Until, suddenly, he saw a figure at the end of the bridge beneath the lamp.
Armand checked, continuing to move forward, yet much more slowly now. He heard his footsteps very keenly, over the counterpoint of the river, over the remote whisperings of the city. Louder than both, his own breathing. He could already see clearly the figure was that of a woman.

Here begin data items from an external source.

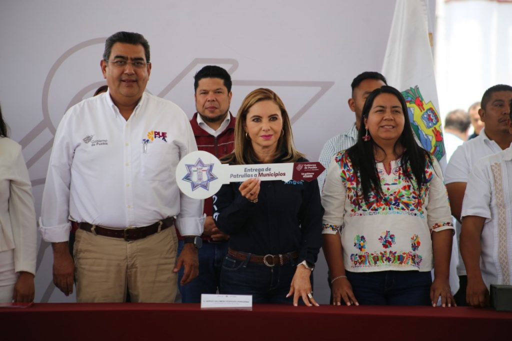 San Pedro Cholula, Puebla.- Tras encabezar, junto al gobernador, Sergio Salomón Céspedes Peregrina, el Martes Ciudadano en la Plaza de la Concordia de San Pedro Cholula, la Presidenta Municipal Paola Angon recibió cuatro patrullas por parte del mandatario estatal, a quien agradeció nuevamente por la suma de esfuerzos en favor de la tranquilidad de las familias cholultecas.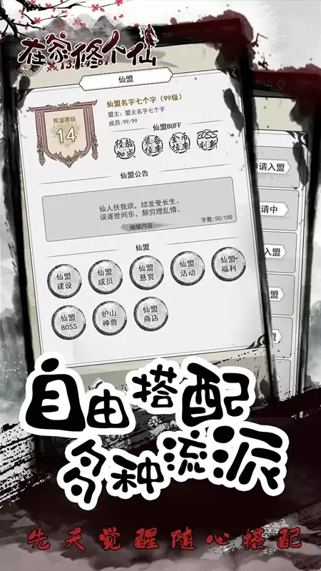 在家修个仙游戏中有着超多的副本来等你挑战,每一个副本能够获得的奖励都有所不同,你可以自由选择挑战,游戏的画面十分精致,而且玩法很自由,没有任何的限制,角色众多,技能天赋各有不同,非常有趣,赶快下载游玩吧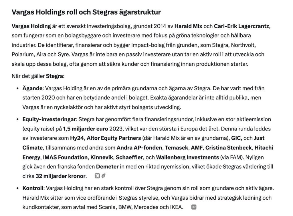 Ägarstruktur För Vargas Holding & Stegra
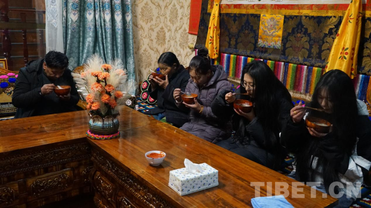 下午時分,“古突”夜的準(zhǔn)備就開始了,先是將羊肉放入鍋中燉煮,再是將白蘿卜切片備好,隨后與奶奶、兩個女兒及丈夫,一家人圍坐在溫暖的廚房說說笑笑地捏“古突”里的面疙瘩,做面疙瘩時,要準(zhǔn)備一些稍大的特殊面疙瘩,分別包進(jìn)寫有石子、辣椒、羊毛、木炭等字樣的紙條,代表“心腸硬”“刀子嘴”“心腸軟”“黑心腸”等含義,待到吃“古突”環(huán)節(jié),來一場藏式風(fēng)格的“開盲盒”,據(jù)說每個人吃到的字樣能在某種程度上代表新一年的運(yùn)勢或性格。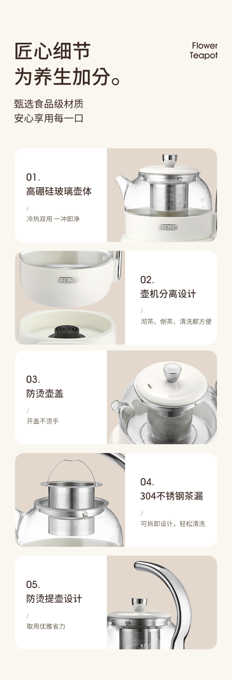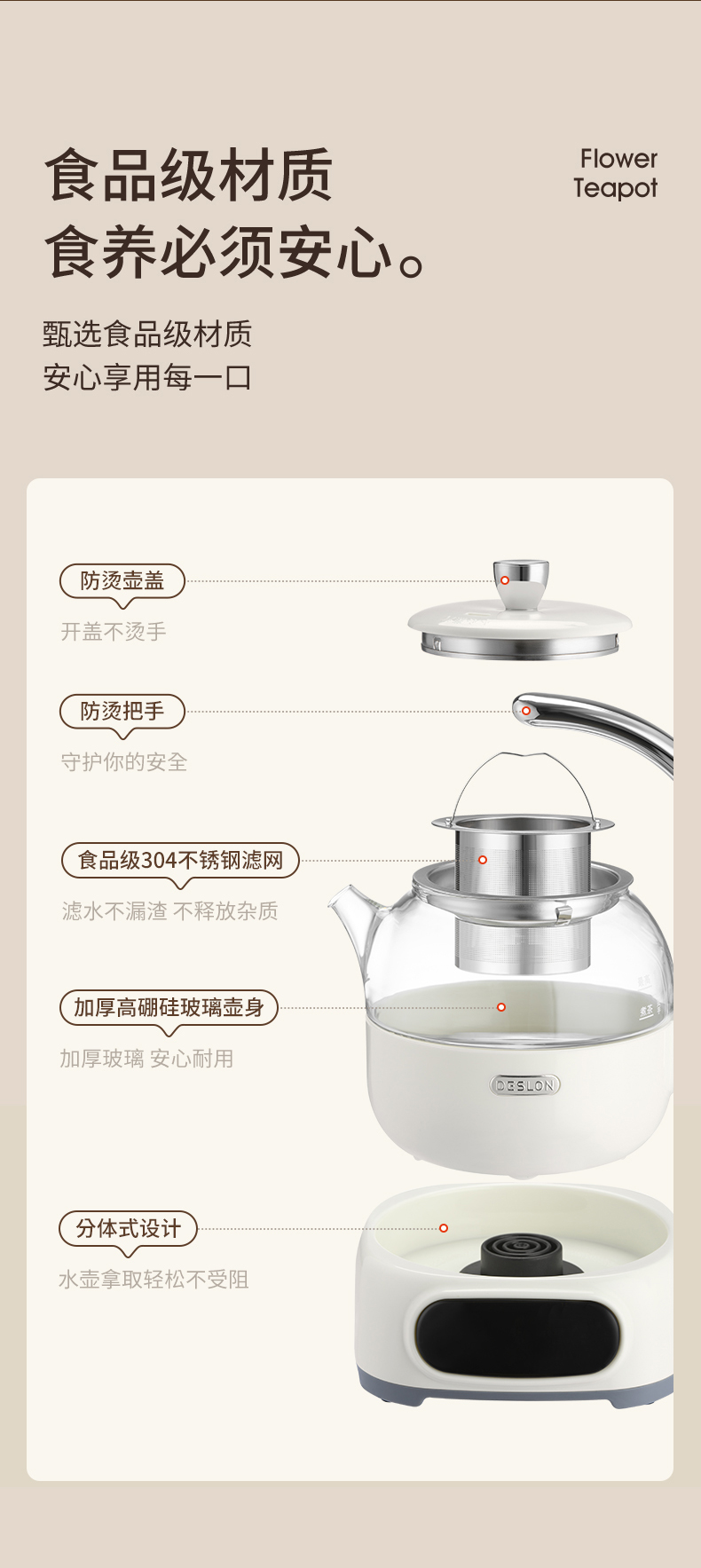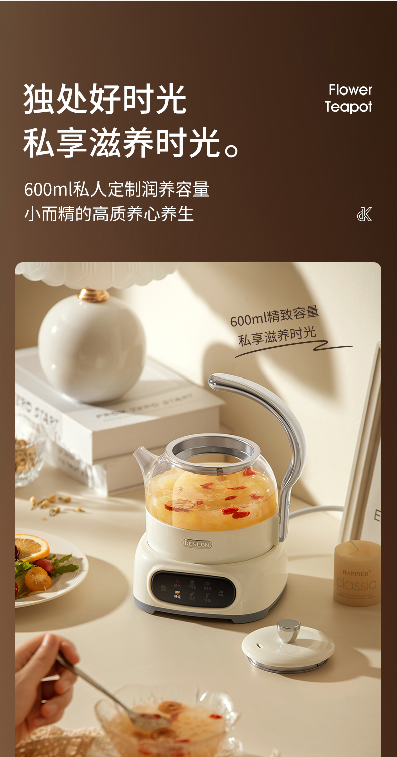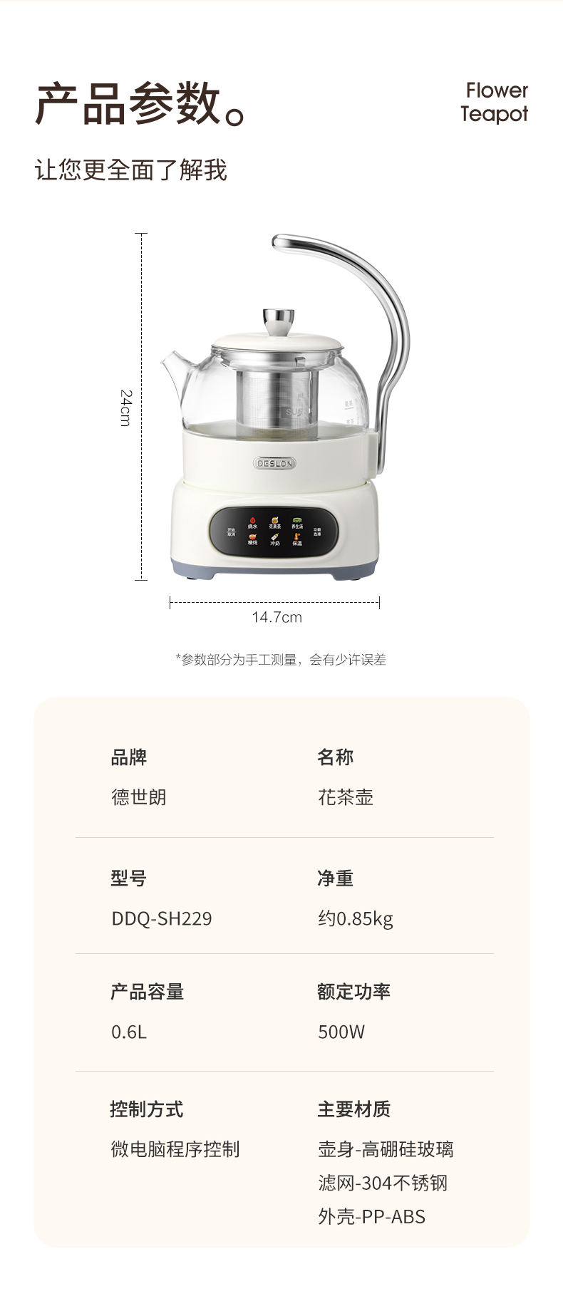 商品名称:DESLON/德世朗0.6升花茶壶DDQ-SH229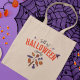 Um saco de tote fofo assustador com uma estética vintage do Dia das Bruxas que diz "Cheio de doce de Halloween" 🎃 Use o menu à direita para editar e escolher de uma variedade de tamanhos e estilos diferentes!

She was dressed in a wave of black velvet. It was a cloak such as those worn by the rich and the fashionable to the Opera. But it wrapped her within itself as if it, too, were alive, some organic creature, folding her as if in the petals of a black orchid. Behind her head, one petal was raised, a hood like the hood of a striking cobra, framing a face smudged by the mist. He made out an impression of her features. They were aristocratic and quite fixed, perhaps incapable of expression. All but the eyes, which were overlined by long black sloping brows, and which had an indecipherable blueness about the upper lids that was neither paint nor shadow, but suggested the translucent wings of two iris-like insects, pasted there ... Her mouth was hardly generous, yet it was soft, and seemed disposed to smile. Yet this might have been, as so much else, a trick of the mist. But now there was a turn of the whole head. Against the cameo cheek a tendril of night-coloured hair, the twenty simultaneous struck sparks of jewel-drops fringing the hood. A gloved hand pierced the cloak like a knife. The material of the glove was a curious mauvish-blue, pearly and luminescent, insubstantial as a newborn gas flame. The gloved hand made the unmistakable mime of drawing closed a curtain.